TASK PROMPT:
What you return must be an exact copy of the lines in the listing below between the line holding "这款中药粉末立式包装机主要用" and the line holding "Consigue la Caja", inclusive, and nothing more.

PROVIDED RECORDS:
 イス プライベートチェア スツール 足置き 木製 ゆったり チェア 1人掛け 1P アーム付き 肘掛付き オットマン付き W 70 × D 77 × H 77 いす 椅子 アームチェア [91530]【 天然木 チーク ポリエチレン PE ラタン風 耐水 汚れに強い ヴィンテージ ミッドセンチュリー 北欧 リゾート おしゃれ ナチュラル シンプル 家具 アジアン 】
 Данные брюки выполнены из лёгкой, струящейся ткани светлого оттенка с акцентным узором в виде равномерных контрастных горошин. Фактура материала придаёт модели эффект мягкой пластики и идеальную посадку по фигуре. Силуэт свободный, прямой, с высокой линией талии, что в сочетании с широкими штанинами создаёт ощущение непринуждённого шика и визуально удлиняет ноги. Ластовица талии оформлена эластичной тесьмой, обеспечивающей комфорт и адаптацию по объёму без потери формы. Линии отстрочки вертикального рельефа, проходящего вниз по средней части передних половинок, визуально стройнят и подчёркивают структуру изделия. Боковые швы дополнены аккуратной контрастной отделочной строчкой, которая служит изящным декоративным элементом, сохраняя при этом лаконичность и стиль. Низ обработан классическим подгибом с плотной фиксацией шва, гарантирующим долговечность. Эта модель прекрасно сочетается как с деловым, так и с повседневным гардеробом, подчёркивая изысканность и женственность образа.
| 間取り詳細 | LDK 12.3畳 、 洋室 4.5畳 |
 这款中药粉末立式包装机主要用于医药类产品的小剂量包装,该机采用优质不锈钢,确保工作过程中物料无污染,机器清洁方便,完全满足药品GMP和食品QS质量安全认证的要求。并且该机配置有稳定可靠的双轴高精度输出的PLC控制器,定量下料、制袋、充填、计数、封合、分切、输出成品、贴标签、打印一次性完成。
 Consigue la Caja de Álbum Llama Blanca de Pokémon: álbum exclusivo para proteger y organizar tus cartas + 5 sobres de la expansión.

...

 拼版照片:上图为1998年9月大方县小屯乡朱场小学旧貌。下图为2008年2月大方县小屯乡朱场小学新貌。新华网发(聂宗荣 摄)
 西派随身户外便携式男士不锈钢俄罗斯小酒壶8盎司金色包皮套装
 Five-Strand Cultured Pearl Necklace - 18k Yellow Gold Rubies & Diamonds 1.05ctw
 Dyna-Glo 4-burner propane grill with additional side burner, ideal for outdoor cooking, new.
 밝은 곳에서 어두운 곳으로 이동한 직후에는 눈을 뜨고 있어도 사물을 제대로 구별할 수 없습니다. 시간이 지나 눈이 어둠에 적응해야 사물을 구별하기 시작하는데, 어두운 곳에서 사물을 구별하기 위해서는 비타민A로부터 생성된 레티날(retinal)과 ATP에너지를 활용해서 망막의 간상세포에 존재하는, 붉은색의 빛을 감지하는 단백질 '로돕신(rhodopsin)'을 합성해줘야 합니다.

--

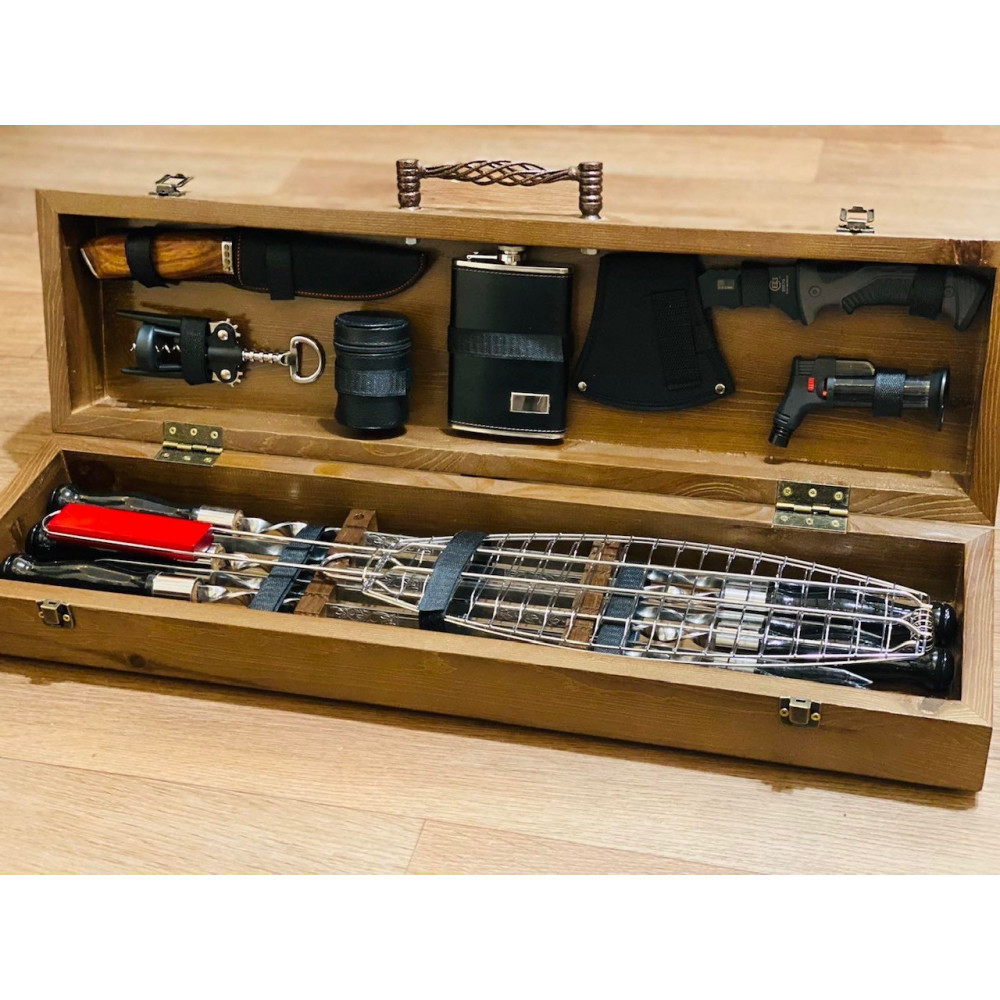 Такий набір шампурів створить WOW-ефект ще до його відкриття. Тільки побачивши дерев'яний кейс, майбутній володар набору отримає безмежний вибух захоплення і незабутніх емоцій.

ANSWER FOR THE TASK:
 这款中药粉末立式包装机主要用于医药类产品的小剂量包装,该机采用优质不锈钢,确保工作过程中物料无污染,机器清洁方便,完全满足药品GMP和食品QS质量安全认证的要求。并且该机配置有稳定可靠的双轴高精度输出的PLC控制器,定量下料、制袋、充填、计数、封合、分切、输出成品、贴标签、打印一次性完成。
 Consigue la Caja de Álbum Llama Blanca de Pokémon: álbum exclusivo para proteger y organizar tus cartas + 5 sobres de la expansión.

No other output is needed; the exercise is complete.